In Chios, most families have christened their daughters Marcellas; many vessels are named after the Saint: Santa Marcella, Aghia Marcella, St. Marcella, Marcella…
* The Chian Saint with a unique history, far beyond the mythos… It will be a unique experience for all women to try and find, read and study same! Research and you will find out! The place of her martyrdom, the most apocalyptic one in the wildest environment that not even your imagination can make… Worth paying a visit to the Island of the Winds when things ease down given the COVIID-19 mess and see what I mean. Many Happy Returns for their Nameday tomorrow to all Marcellas’ and Marcellos’ – as it’s also a male name too!
Moreover, my friend Marcella Shivhaktiyoga sent me the following last year – another version from what we know:
Saint Markella (also Marcella) was an inhabitant of Fourteenth Century Chios, Greece who was canonized by the Greek Orthodox Church.
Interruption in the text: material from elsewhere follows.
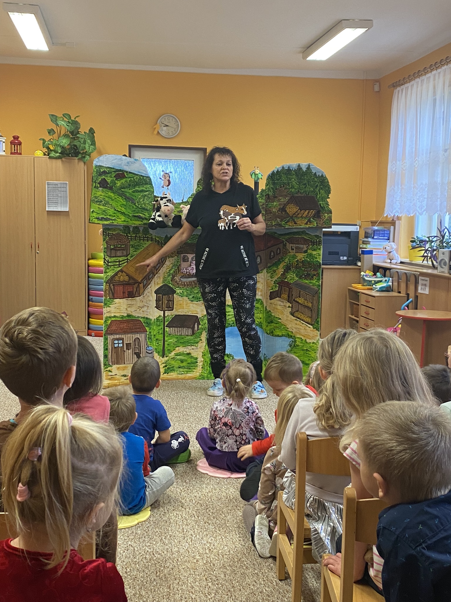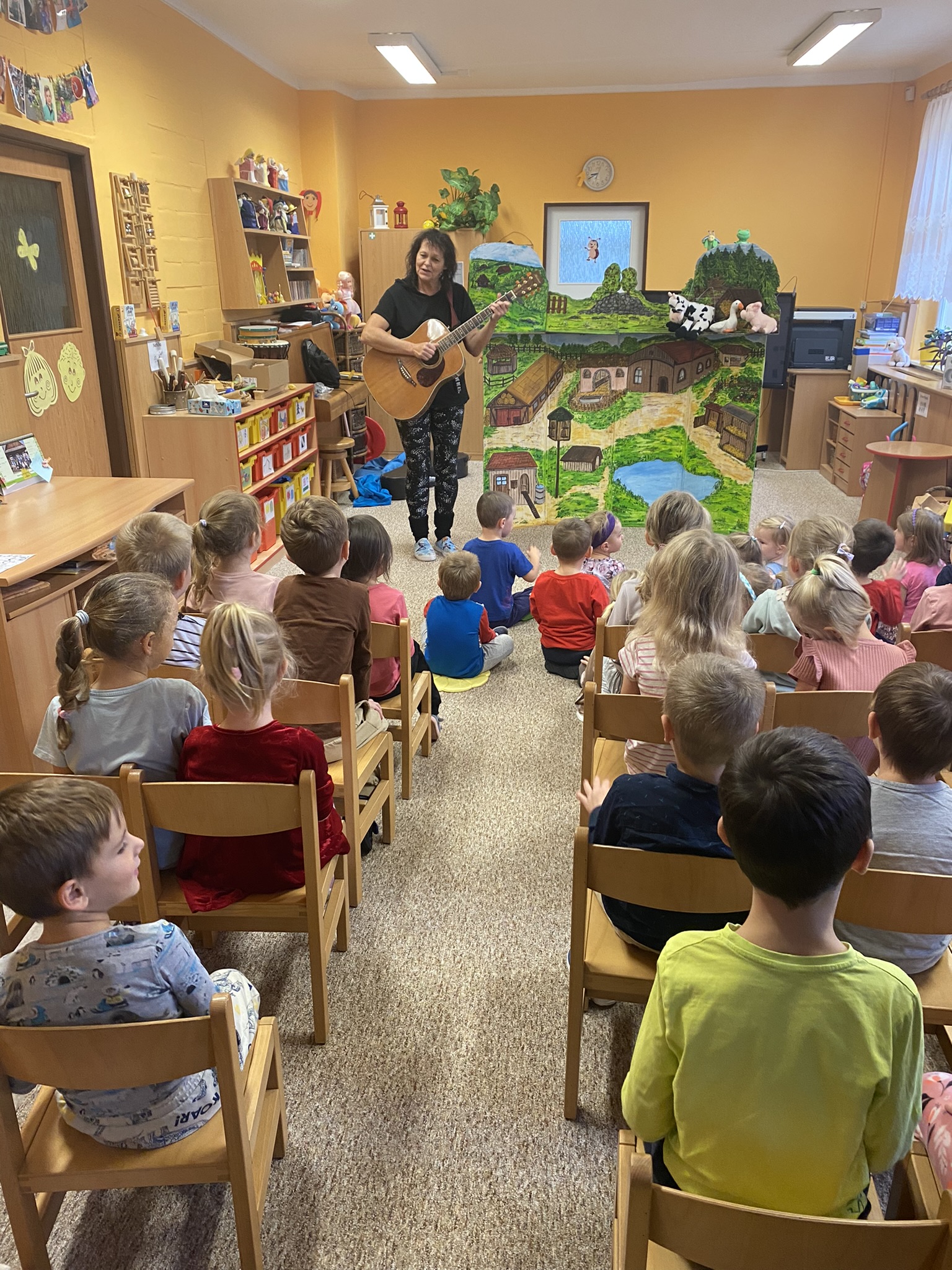 Děti si s paní divadelnicí zazpívaly s kytarou a zopakovaly si názvy členů rodiny domácích a hospodářských zvířátek.

Her feast day is celebrated on July 22.
Saint Markella was born and lived in Volissos, Chios, Greece. She was raised as a devout Christian by her mother. However, her father (in some accounts) was a pagan.
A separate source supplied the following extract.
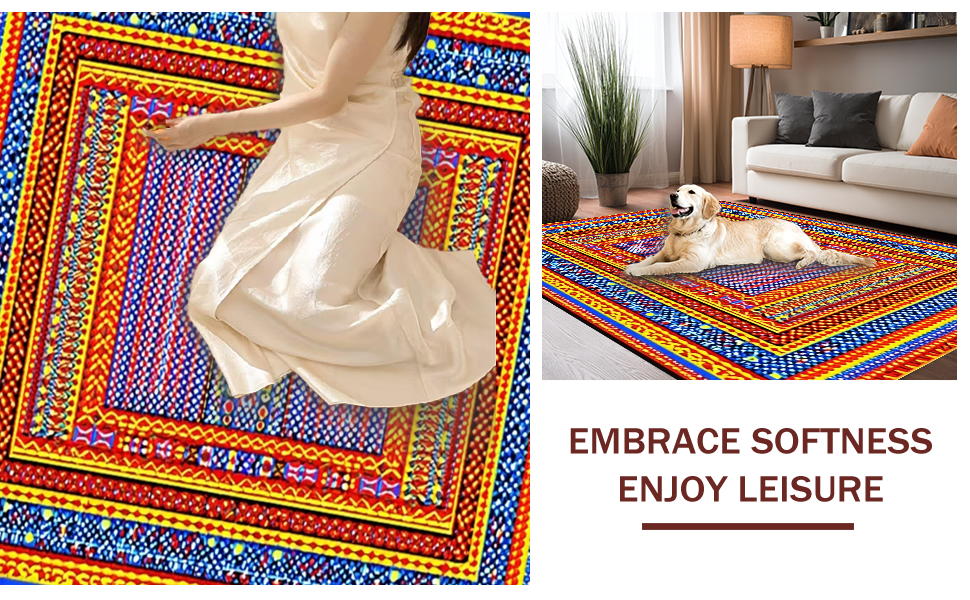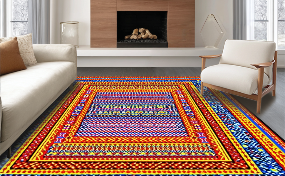 Ultra Soft Area Rug, Non Slip, Stain Resistant, Washable Area Rugs for Living Room, Bedroom, Bright Folk Art Inspired Rug(Blue) Overview: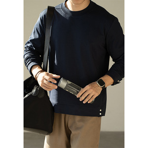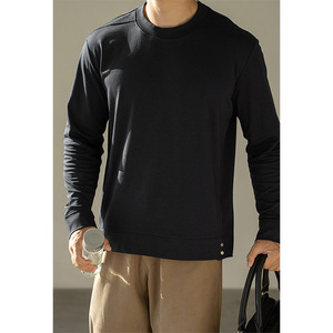 老钱风空气双面棉磁吸扣长袖T恤男2025秋冬落肩打底上衣圆领卫衣

Markella lived during the fourteenth century – during most of which Chios was under Genoese rule. At a young age, her mother died and Markella continued to study her Bible, pray to God and live a life according to what she was taught.
Around the time of her eighteenth birthday, the virtuous Markella had to flee the fury of her violent father. There are variant accounts given about the reasons for that. In one version, while Markella’s late mother had been a Christian, her father was an idolater and he tried very hard to force his daughter to become an idolater, too; this seems anachronistic, since by the 14th Century paganism was long since extinct in Greece. By another version, the problem was that Markella’s father was consumed with incestuous lust for her, and she fled in horror when he declared his intentions.
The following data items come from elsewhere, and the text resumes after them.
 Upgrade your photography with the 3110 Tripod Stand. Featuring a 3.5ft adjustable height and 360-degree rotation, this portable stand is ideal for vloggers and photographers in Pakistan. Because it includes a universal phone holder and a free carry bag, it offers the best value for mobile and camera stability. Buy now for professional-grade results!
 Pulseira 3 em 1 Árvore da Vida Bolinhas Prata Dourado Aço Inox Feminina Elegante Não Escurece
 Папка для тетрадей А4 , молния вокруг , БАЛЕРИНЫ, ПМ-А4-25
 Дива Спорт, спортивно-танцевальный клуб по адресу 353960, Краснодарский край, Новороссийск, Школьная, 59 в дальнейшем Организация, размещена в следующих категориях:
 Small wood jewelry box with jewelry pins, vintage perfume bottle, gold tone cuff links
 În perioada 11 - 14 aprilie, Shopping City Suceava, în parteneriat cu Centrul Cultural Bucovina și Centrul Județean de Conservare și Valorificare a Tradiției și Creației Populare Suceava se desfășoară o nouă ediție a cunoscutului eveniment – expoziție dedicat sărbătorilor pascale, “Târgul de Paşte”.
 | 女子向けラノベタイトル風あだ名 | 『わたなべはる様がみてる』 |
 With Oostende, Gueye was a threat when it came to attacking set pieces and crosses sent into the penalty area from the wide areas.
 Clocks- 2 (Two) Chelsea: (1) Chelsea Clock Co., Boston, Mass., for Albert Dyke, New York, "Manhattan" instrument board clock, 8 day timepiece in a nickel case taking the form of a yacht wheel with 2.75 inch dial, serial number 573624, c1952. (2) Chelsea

Whatever her reason for being afraid of her father, Saint Markella fled to nearby mountains and hid in a bush. Her father found her with the help of a local herdsmen, and they set fire to the bush to force her to show.
Markella ran to the sea to escape but her father aimed an arrow at her and wounded her. As believed by the local people, The blood of the saint dyed the rocks and to this very day, during the festivities for her feast day, at a specific time, her blood becomes visible on these rocks for all the faithful who bear witness to this miracle.
It is further believed that as she was injured, she prayed to Jesus – her final moments spent in prayer requesting that the rocks would open for her to hide from her father and this happened. However, the opened rock enabled her to hide all of her body inside, but not her head. Her father decapitated her and threw the head into the sea. Her head floated to the nearby beach of Komi.
For many years, the locals could not locate the head until one day an Italian (presumably Genoese) warship was in the area. In the evening, the Italians could see a bright light coming from the distance and when they got closer they witnessed a head, floating in the water, lit by upright floating candles. Immediately, they realized that this was a sacred miracle they were witness to and they took the head of the Saint back to their homeland.
Local tradition also has it that holy water springs from the rocks that mark her martyrdom. Many pilgrims visit this location and every year on 22 July, during the commemoration services for the Saint, the holy sea water in the rock pool boils during the entire Paraklisis Service; this phenomenon only occurs in the presence of a priest. If a pilgrim’s faith is strong, a local tradition is that the water in the rock-pool will feel extremely warm to touch.